• [Data for the task]
###
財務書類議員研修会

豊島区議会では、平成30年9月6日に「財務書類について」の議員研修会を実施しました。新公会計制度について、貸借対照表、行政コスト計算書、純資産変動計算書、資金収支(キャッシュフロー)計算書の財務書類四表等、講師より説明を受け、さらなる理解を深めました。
###
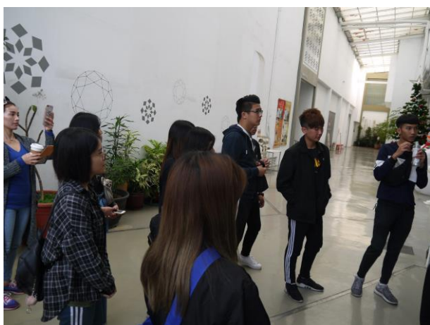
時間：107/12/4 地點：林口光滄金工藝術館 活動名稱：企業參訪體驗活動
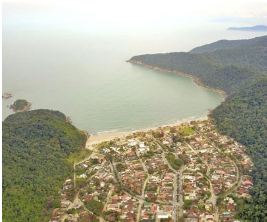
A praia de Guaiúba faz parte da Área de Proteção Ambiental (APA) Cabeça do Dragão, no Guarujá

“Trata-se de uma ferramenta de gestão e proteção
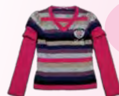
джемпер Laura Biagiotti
###
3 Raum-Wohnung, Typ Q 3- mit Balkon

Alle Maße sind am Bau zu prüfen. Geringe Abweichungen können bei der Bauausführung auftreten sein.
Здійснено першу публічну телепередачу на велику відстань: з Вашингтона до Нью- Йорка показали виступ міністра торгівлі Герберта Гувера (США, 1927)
###
• [Task goal] Please give an exact copy of the entries above, from the line with "Alle Maße sind" down to the line with "Здійснено першу публічну", inclusive, and nothing else.

• [Completed exercise]
Alle Maße sind am Bau zu prüfen. Geringe Abweichungen können bei der Bauausführung auftreten sein.
Здійснено першу публічну телепередачу на велику відстань: з Вашингтона до Нью- Йорка показали виступ міністра торгівлі Герберта Гувера (США, 1927)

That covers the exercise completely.